(no subject)

Apr 08, 2007 18:05

so i went to college this weekend.

:-) fun

it was also really hitting me that...damn...i'm going to be living there in a few months.

damn.

and just how incredibly scary architecture is.
anytime i tell someone from Tech what my major is they're like...oh...so we won't be seeing you.
i know i'm supposed to be able to do anything i can put my mind to and i know that i'm kickass at drafting...but creativity and problem-solving wise i don't know if i have it in me. like, will i honestly have any raw talent with this?

it's scary as hell.

i feel like, maybe, i'm more in love with the idea of being an architect--the industry itself just makes me think of beauty (working in a beautiful office, designing beautiful buildings)--than the actual reality of what being an architect is.

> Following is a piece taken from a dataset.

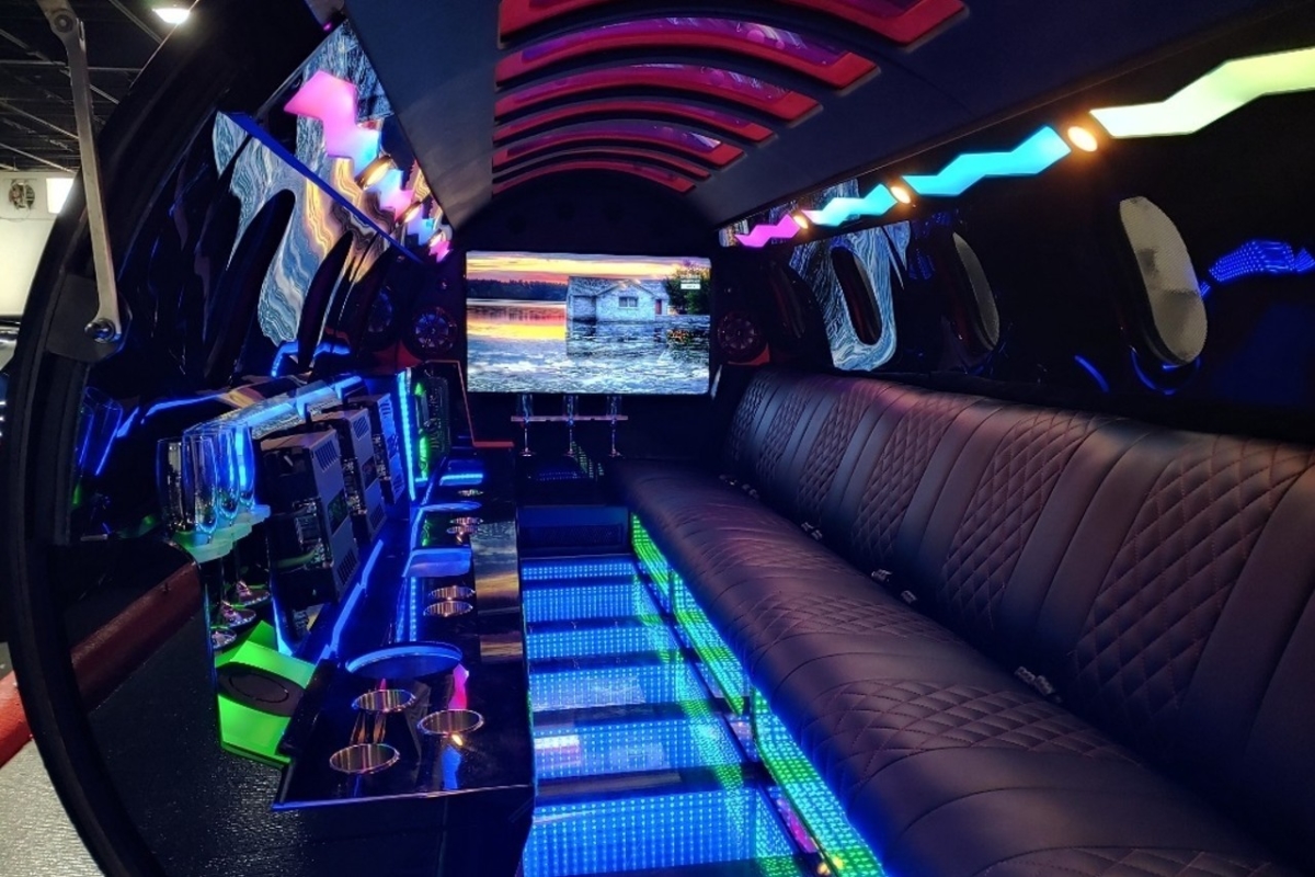 E se por fora o Jet Limo já é um dos mais excêntricos automóveis que pode guiar, no interior encontrará uma decoração digna de um casino, onde não faltam luzes de todas as cores, superfícies vidradas, acabamentos em couro e um sistema de som da Showtime Audio com 17.000 watts. Também há uma televisão com ecrã de 42 polegadas e, no posto de pilotagem, um banco de competição.

am i really in love with architecture and buildings, or do i just want what i think is a glamorous job and a hell of a lot of money.

not that money is a bad thing...

and hasn't influenced my decision, or anything.

i realize that i'm not even in college and i'm still very very young and i shouldn't be stressing out about this, but i just hate the idea of dropping out and feeling like a failure.

and i hate suspense and waiting--i want to know everything right now.

i guess i'll just have to get to college and see if its for me.
but the wait itself it going to be terrifying.